Splunk Search

How can I search for a missing field?

hulahoop
Splunk Employee
Splunk Employee

Let's say I have events A and B:

A -- Feb 1 2010 10:10:00 field1=foo field2=bar
B -- Feb 1 2010 10:10:01 field1=foo

How can I find all events where field2 is missing (essentially event B in this tiny example)?

Tags (2)
1 Solution

hulahoop
Splunk Employee
Splunk Employee

Ok, so I tried a few things, and this is what ended up working:

NOT field2=*

It would be more intuitive if this worked also:

field2=""

View solution in original post

support0
Path Finder

fillnull field2 | search field2=0

0 Karma

dinh
Path Finder

You can do this on your search:

| where isnull(field2)

lmoceze
Engager

Thats the answer, thanks!

0 Karma

gkanapathy
Splunk Employee
Splunk Employee

Note that using

field2!=*

will not work either. This will never return any events, as it will always be false. This means that field2!=* and NOT field2=* are not entirely equivalent. In particular, in the case where field2 doesn't exist, the former is false, while the latter is true.

gkanapathy
Splunk Employee
Splunk Employee

Well, I guess it depends what you mean by "logically equivalent", but there is a difference in meaning regardless of how Splunk treats them.

0 Karma

gkanapathy
Splunk Employee
Splunk Employee

No they are not logically equivalent. There is a difference between being empty, and not existing.

hulahoop
Splunk Employee
Splunk Employee

It seems like they are logically equivalent, but Splunk does not treat them so.

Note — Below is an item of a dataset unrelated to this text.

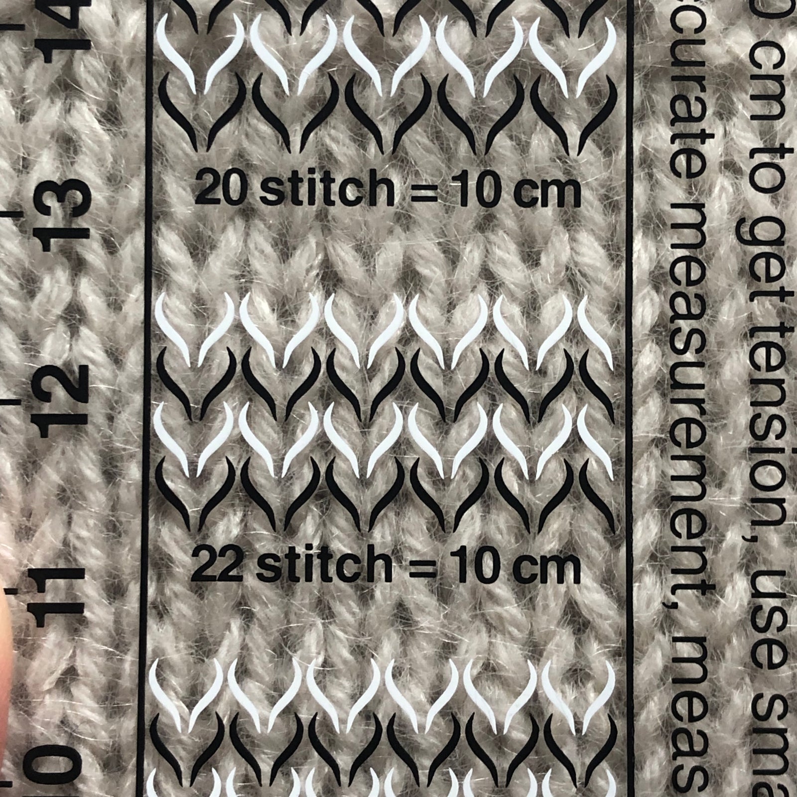 Maskemålern mäter inte heller varven genom sina tryckta maskor så det är en linjal på sidan av den. Därför har jag övergått till att säga masktäthet istället för stickfasthet, där vi även räknar varven.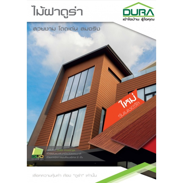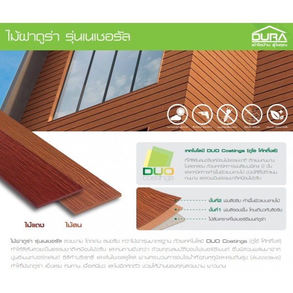 สวยงาม โดดเด่น สมจริง กว่าไม้ฝารุ่นมาตรฐาน ด้วยเทคโนโลยี DUO Coatings (ดูโอ้ โค้ทติ้งส์) ที่เคลือบสีถึง 2 ชั้น พร้อมเทคนิคการทำพื้นผิวแบบลายไม้ ช่วยให้สีไม้ติดแน่น ทนนาน ให้สีสันสวยเป็นธรรมชาติเหมือนไม้จริง

Is that a fair statement?

0 Karma

hulahoop
Splunk Employee
Splunk Employee

Ok, so I tried a few things, and this is what ended up working:

NOT field2=*

It would be more intuitive if this worked also:

field2=""

leonjxtan
Path Finder

the first code works; the second code doesn't.

0 Karma

otman01
Communicator

it works thank you all , have a nice day

0 Karma

gkanapathy
Splunk Employee
Splunk Employee

Yes, it can happen.

0 Karma

hulahoop
Splunk Employee
Splunk Employee

hey k8to, i'm just wondering if it can actually happen, and if splunk would behave consistently.

0 Karma

jrodman
Splunk Employee
Splunk Employee

It's a valid state of a field.
You can get there with regex extractions.

Do you mean that this is an undesirable thing?

hulahoop
Splunk Employee
Splunk Employee

yes, but in splunk land, would a field ever exist and be empty?

0 Karma

gkanapathy
Splunk Employee
Splunk Employee

field2="" means something very different. It means that field2 exists, but has an empty string value.